Parmi les accords de Paris, il y eut la signature du protocole modifiant et complétant le traité de Bruxelles de 1948. Le traité de Bruxelles dit «modifié» permit à la fois de rassurer la France face à la RFA autorisée à réarmer sous contrôle (cf. les protocoles au traité), de confirmer la solidarité commune automatique en cas d’agression territoriale, de renforcer la confiance entre capitales européennes, «d’atlantiser» indirectement la défense occidentale européenne et de favoriser temporairement les relations diplomatiques entre Londres et les États qui fondèrent la Communauté économique européenne (CEE).


Mais assez vite, l’UEO vit ses tâches progressivement altérées par le poids des instances de l’Alliance atlantique et l’affirmation des Communautés européennes. Cette situation rendit peu visible l’organisation européenne de sécurité et de défense qui, progressivement, tomba en léthargie. Le refus des doubles emplois en termes militaire, économique, culturel, social et politique se fit donc au détriment du traité de Bruxelles modifié, quand bien même le Conseil de l’UEO continuait à veiller à ce que l’OTAN développe une perception européenne de la sécurité et non exclusivement américaine. De son côté, l’Assemblée parlementaire de l’UEO était attentive au maintien de toutes les compétences du Conseil de l’UEO.

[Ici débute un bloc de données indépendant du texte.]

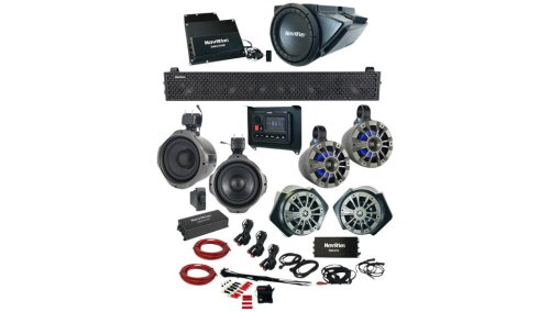 For four-seater models, unless noted.<br> Radio source units include 3in. TFT screen, AM/FM source unit and made with Bluetooth technology functionality.<br> Audio kits are available with either a 3in. TFT screen or rocker switch-type made with Bluetooth technology controller.<br> Zone 6 kits include 27in. 10-speaker amplified soundbar, 8in. roll-cage subwoofer system with an amplifier, 6-1/2in. amplified roll-cage speaker system, 6-1/2in. RZR speaker and kick panel system with an amplifier, 10in. 300W subwoofer and enclosure system w/ amplifier, dual amplifier bracket, digital-to-digital cable for connecting amplifier to speakers, analog-to-analog cable for connecting amplifier to speakers and installation kit with 60A circuit breaker.

Aussi, vit-on l’UEO se faire discrète entre 1973 et 1984 après la résolution de la question sarroise et les quelques débats fin des années cinquante et au cours des années soixante concernant le rôle de l’arme nucléaire en Europe et ou encore l’élargissement des Communautés. L’organisation du traité de Bruxelles modifié fut alors considérée comme une sorte d’outil de contrôle européiste au sein de l’Alliance tout en devenant un organe transitoire facilitant l’avènement des Communautés européennes.


(décembre 2009)



(1) La «défense de l’avant» est un concept qui concernait l’engagement des forces nucléaires et conventionnelles de l’OTAN dans la défense de la frontière entre la RFA à la République démocratique allemande. Ce concept a évolué dans le temps, depuis le retrait à l’ouest du Rhin avant de lancer la contre-attaque jusqu’à l’organisation des unités militaires alliées en RFA au plus près du «rideau de fer» afin de défendre le territoire de l’OTAN et tenter de réduire la surface géographique hypothétiquement concédée à l’adversaire en cas de confrontation militaire entre blocs à partir des deux Allemagne.

(2) Organisation de défense de l’Union occidentale. Relevons que c’est le 20 décembre 1950 que le Conseil des Cinq de l’Union occidentale décida de fusionner l’ODUO avec l’OTAN et le SACEUR.

(3) Assemblée composée des membres de l’Assemblée commune de la Communauté européenne du charbon et de l’acier auxquels se sont ajoutés neuf membres de l’Assemblée consultative du Conseil de l’Europe.

(4) Les cinq États parties au traité de Bruxelles, la RFA, l’Italie, les États-Unis et le Canada.

(5) L’Italie étant déjà membre de l’OTAN.